===== Data block =====

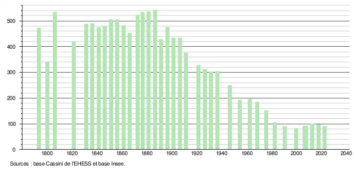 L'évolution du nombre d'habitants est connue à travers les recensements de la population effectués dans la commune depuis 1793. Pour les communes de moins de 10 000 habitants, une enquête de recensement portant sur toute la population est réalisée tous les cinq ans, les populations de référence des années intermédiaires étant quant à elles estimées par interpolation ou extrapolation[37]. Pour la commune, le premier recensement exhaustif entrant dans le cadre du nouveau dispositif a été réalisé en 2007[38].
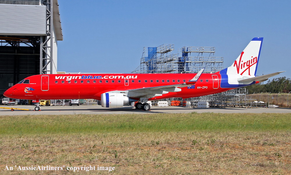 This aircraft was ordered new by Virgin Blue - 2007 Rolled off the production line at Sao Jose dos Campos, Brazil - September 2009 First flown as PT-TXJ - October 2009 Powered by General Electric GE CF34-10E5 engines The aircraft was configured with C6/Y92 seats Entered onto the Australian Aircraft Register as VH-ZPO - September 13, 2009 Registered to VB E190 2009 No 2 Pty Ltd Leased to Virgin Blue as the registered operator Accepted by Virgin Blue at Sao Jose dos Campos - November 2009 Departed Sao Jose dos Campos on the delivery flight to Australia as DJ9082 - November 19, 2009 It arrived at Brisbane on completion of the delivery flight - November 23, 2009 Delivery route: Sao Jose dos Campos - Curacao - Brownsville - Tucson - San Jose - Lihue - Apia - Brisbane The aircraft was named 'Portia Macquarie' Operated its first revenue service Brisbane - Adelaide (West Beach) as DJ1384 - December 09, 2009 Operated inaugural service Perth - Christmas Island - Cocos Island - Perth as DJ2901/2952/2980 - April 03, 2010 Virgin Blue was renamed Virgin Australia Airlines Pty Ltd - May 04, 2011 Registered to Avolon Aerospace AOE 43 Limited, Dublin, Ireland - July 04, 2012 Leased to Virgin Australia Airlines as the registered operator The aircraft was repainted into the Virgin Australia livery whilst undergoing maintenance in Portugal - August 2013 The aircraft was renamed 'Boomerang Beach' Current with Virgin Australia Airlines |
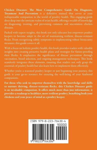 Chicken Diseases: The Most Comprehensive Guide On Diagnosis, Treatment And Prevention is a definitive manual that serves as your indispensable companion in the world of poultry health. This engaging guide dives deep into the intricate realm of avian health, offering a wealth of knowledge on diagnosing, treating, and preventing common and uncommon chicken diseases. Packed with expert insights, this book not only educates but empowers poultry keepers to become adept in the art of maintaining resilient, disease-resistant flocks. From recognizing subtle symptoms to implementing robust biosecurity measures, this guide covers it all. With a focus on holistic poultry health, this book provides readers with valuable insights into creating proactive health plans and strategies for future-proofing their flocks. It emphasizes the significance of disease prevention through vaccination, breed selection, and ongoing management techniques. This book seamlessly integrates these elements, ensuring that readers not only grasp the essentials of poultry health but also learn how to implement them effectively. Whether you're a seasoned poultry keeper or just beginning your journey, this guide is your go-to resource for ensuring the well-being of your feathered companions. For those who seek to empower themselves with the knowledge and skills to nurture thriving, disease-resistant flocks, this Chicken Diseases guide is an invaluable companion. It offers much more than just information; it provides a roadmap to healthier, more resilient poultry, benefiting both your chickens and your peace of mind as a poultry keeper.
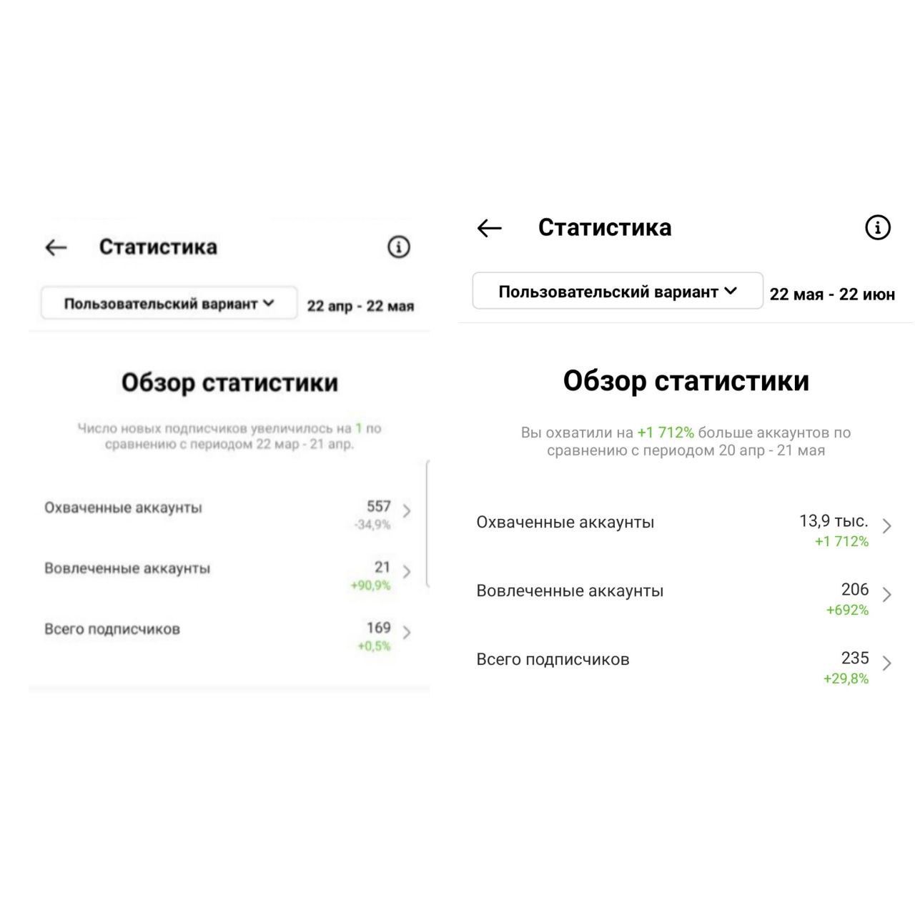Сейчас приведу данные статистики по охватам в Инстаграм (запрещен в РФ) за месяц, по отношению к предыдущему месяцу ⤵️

=====

Reproduce the listing word for word, but keep the pictures out of it.

Answer to this task:
 L'évolution du nombre d'habitants est connue à travers les recensements de la population effectués dans la commune depuis 1793. Pour les communes de moins de 10 000 habitants, une enquête de recensement portant sur toute la population est réalisée tous les cinq ans, les populations de référence des années intermédiaires étant quant à elles estimées par interpolation ou extrapolation[37]. Pour la commune, le premier recensement exhaustif entrant dans le cadre du nouveau dispositif a été réalisé en 2007[38].
 This aircraft was ordered new by Virgin Blue - 2007 Rolled off the production line at Sao Jose dos Campos, Brazil - September 2009 First flown as PT-TXJ - October 2009 Powered by General Electric GE CF34-10E5 engines The aircraft was configured with C6/Y92 seats Entered onto the Australian Aircraft Register as VH-ZPO - September 13, 2009 Registered to VB E190 2009 No 2 Pty Ltd Leased to Virgin Blue as the registered operator Accepted by Virgin Blue at Sao Jose dos Campos - November 2009 Departed Sao Jose dos Campos on the delivery flight to Australia as DJ9082 - November 19, 2009 It arrived at Brisbane on completion of the delivery flight - November 23, 2009 Delivery route: Sao Jose dos Campos - Curacao - Brownsville - Tucson - San Jose - Lihue - Apia - Brisbane The aircraft was named 'Portia Macquarie' Operated its first revenue service Brisbane - Adelaide (West Beach) as DJ1384 - December 09, 2009 Operated inaugural service Perth - Christmas Island - Cocos Island - Perth as DJ2901/2952/2980 - April 03, 2010 Virgin Blue was renamed Virgin Australia Airlines Pty Ltd - May 04, 2011 Registered to Avolon Aerospace AOE 43 Limited, Dublin, Ireland - July 04, 2012 Leased to Virgin Australia Airlines as the registered operator The aircraft was repainted into the Virgin Australia livery whilst undergoing maintenance in Portugal - August 2013 The aircraft was renamed 'Boomerang Beach' Current with Virgin Australia Airlines |
 Chicken Diseases: The Most Comprehensive Guide On Diagnosis, Treatment And Prevention is a definitive manual that serves as your indispensable companion in the world of poultry health. This engaging guide dives deep into the intricate realm of avian health, offering a wealth of knowledge on diagnosing, treating, and preventing common and uncommon chicken diseases. Packed with expert insights, this book not only educates but empowers poultry keepers to become adept in the art of maintaining resilient, disease-resistant flocks. From recognizing subtle symptoms to implementing robust biosecurity measures, this guide covers it all. With a focus on holistic poultry health, this book provides readers with valuable insights into creating proactive health plans and strategies for future-proofing their flocks. It emphasizes the significance of disease prevention through vaccination, breed selection, and ongoing management techniques. This book seamlessly integrates these elements, ensuring that readers not only grasp the essentials of poultry health but also learn how to implement them effectively. Whether you're a seasoned poultry keeper or just beginning your journey, this guide is your go-to resource for ensuring the well-being of your feathered companions. For those who seek to empower themselves with the knowledge and skills to nurture thriving, disease-resistant flocks, this Chicken Diseases guide is an invaluable companion. It offers much more than just information; it provides a roadmap to healthier, more resilient poultry, benefiting both your chickens and your peace of mind as a poultry keeper.
Сейчас приведу данные статистики по охватам в Инстаграм (запрещен в РФ) за месяц, по отношению к предыдущему месяцу ⤵️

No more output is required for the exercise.